Colnago’s C series started in the early ’90s with the C40. It wasn’t the first bike made from carbon-fibre tubes, but it featured a frame material that was still novel for the pro peloton. Giorgio Squinzi, the head of Mapei, worried that the bike wasn’t strong enough to handle the cobbles of Paris-Roubaix. Franco Ballerini won in Roubaix in 1995 on the C40. Three more ParisRoubaix wins came on the bike in 1996, 1998 and 1999.
Components: Campagnolo Super Record, mechanical
Wheels: Campagnolo Bora Ultra 50
Sizes: 42s, 45s, 48s, 50s, 52s, 54s, 56s, 58s, 60s, 48h; 50h, 52h, 54h, 56h
Price: $7,540 (frame, fork, seatpost and headset)
Like the C40, the C64 is made in Italy with carbon-fibre tubes fit into carbon-fibre lugs. It’s a process with more similarities to the way Ernesto Colnago fashioned steel frames than with the contemporary carbon-fibre production process that uses moulds. The tubes of the C64 – as with the previous C model, the C60 – have a fluted, star-shape. On the new frame, the head-tube lug and fork blades have indents, which are new weight-saving design elements. In the seat-tube lug, there’s an alloy seat clamp. You adjust your seatpost by loosening or tightening a bolt tucked under the seat-tube lug. This system saves about 15 g. The D shape seatpost comes from Colnago’s V2-R, while the upper cups at the headset come from the Concept aero bike. These cups are made with carbon fibre, nylon and elastomers, and help to dampen road vibrations. My test bike was a rim-brake model, however, there’s also a disc-brake version available.
While the C series bikes used to be built with Colnago’s traditional geometry – featuring a horizontal top tube – and sloping geometry, the C64 frame comes in nine sizes of sloping. Also, there are four high-geometry options that have head tubes that are 15 mm taller (20 mm in the case of the 56h) than their sloping siblings. For traditional geometry, you’ll have to took to Colnago’s steel frames. While I usually ride a Size 54 frame, the 50s C64 fit me perfectly.
I’ve ridden a number of Italian super frames, all of which were, in fact, super. The C64, however, seems the most balanced. It steers beautifully into and through corners. It zips forward effortlessly when I press on the pedals. Yet, it’s perfectly content to cruise along. I had some glorious long rides on this bike. If I felt shattered at the end, it was from going too hard, not from any harshness in the frame. I didn’t find any pavé à la Roubaix, but about 5-km of gravel was my local equivalent. The bike with its 25c tires was fine on the rocky roads. The frame can accommodate 28c treads, which handle the bumps better.
As you might expect, the bike I tested came spec’d with Campagnolo components. The mechanical Super Record gruppo performed well, its chain making Campy’s telltale kerchunk when it switched to a new cog.

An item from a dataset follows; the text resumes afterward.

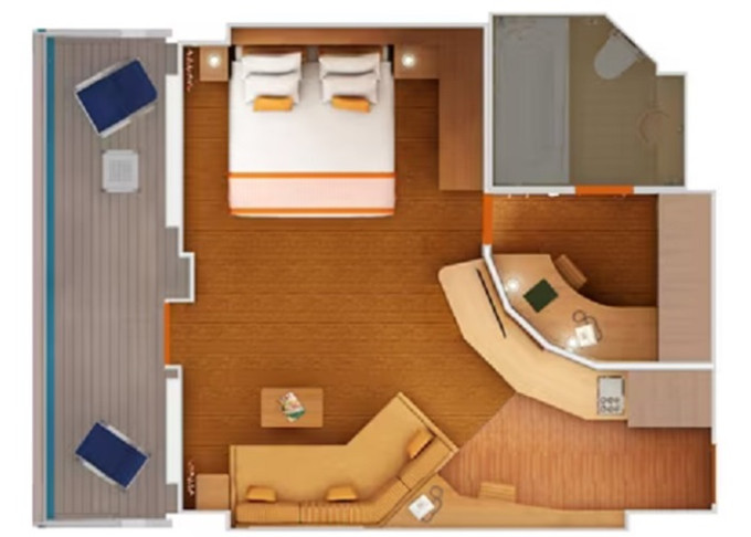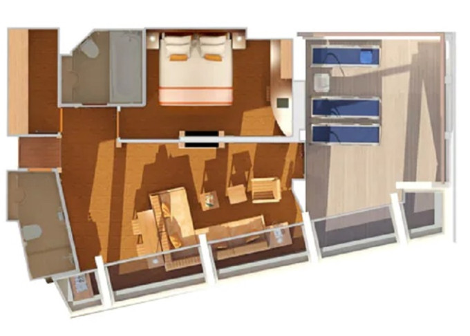 | 8S - Kajuta s balkónom Cloud 9 Spa 17 m² + balkón 3 m². 10. paluba vpredu. Voľný vstup do Spa a balíček Cloud 9 Spa. | 1 798 € 899 € za osobu |

If you’d like to spec your C series bike with Shimano, as Mapei did, you can. With the proper finishing kit, you can have your bike outfitted with Shimano, Campy or SRAM groupsets, mechanical or electrical.
After that short first ride, and the long wait for a test bike, I had the pleasure of riding the C64 for months. It’s a bike that had me neglecting my regular ride, without any feelings of guilt. After all, I knew once the C64 was gone, those few months with the bike would feel like only a hot minute.